According to the above, it is evident that nanoformulations derived from medicinal plants have demonstrated their potential in vitro and in vivo against colon cancer. These results have led to interest in transferring them to the clinical setting for human applications; however, it is important to undergo preclinical testing to establish safety measures at the time of application in humans. Following this same line of thought, in a phase II clinical trial on 44 patients, it was reported that first-line treatment with bevacizumab/FOLFIRI and nanoparticles facilitated long-term survival with acceptable toxicity results [122].
These results prove the viability of the alternative use of NPs in the active administration system for the prevention and/or treatment of CC.

7.3. Application of Nanoparticles to Combat Cancer Stem Cells

Although cancer stem cells (CSCs) represent a minor population of cells within the tumor microenvironment, they have been reported to play critical roles in tumor initiation, propagation, and regeneration, particularly in CC [123]. Indeed, they are characterized by their ability to self-renew, differentiate into other types of tumor cells, and exhibit tumorigenicity.
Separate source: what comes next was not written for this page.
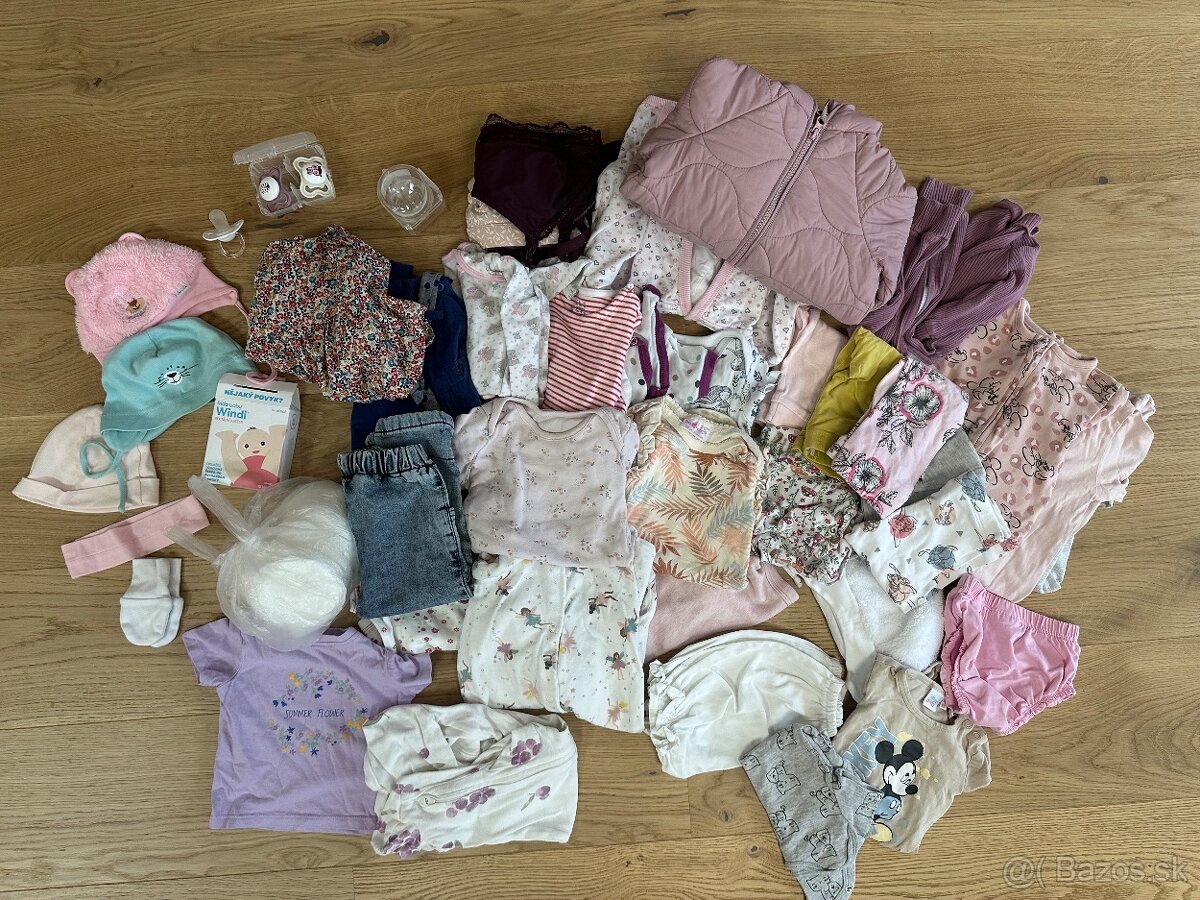 Predám množstvo dievčenského oblečenia vo veľkostiach od narodenia do cca 1 roka. Všetko vo veľmi dobrom stave, niektoré sú tam úplne nové. Nájdete overaly, body, bundičky, čiapky, rukavice, nohavice. Priložila som aj kojacie podprsenky nové vôbec nevyužité, plus prsné vložky, ortodontické cumlíky (mala nám úplne odmietla cumlík), cumeľ do fľaše a rektálne rúrky Windy. Pridala som aj detské plavky Plaváčik. Preferujem osobný odber.

Therefore, they play a crucial role in metastasis, drug resistance, and cancer relapse (pharmacological resistance)) [124]. According to several authors, the key factor in addressing these issues lies in exposing CSCs to sufficient pharmacological concentrations; that is, active agents should be dosed using technology that enables them to overcome the barriers of the tumor microenvironment, specifically recognize cancer cells, and facilitate their controlled release. To achieve this, several researchers propose the use of polymeric nanoparticles to dose active agents, such as those derived from medicinal plants (e.g., polyphenols, etc.) [125], due to their excellent pharmacokinetic properties and the possibility of conjugating them (on their surface) with antibodies or specific ligands for CSCs. As reported by Lazer and colleagues, nanoparticles of chitosan conjugated with hesperetin and functionalized with folic acid and DCLK1 have an IC50 of 4.8 μM in colon cancer cells. The same study found that these nanoparticles have the ability to induce apoptosis and inhibit the migration and invasion of colon cancer cells. Additionally, they found that this nanoparticle system can reduce the expression of CSC markers such as DCLK1, STAT1, and NOTCH1, compared to the same non-functionalized nanoparticle system [126].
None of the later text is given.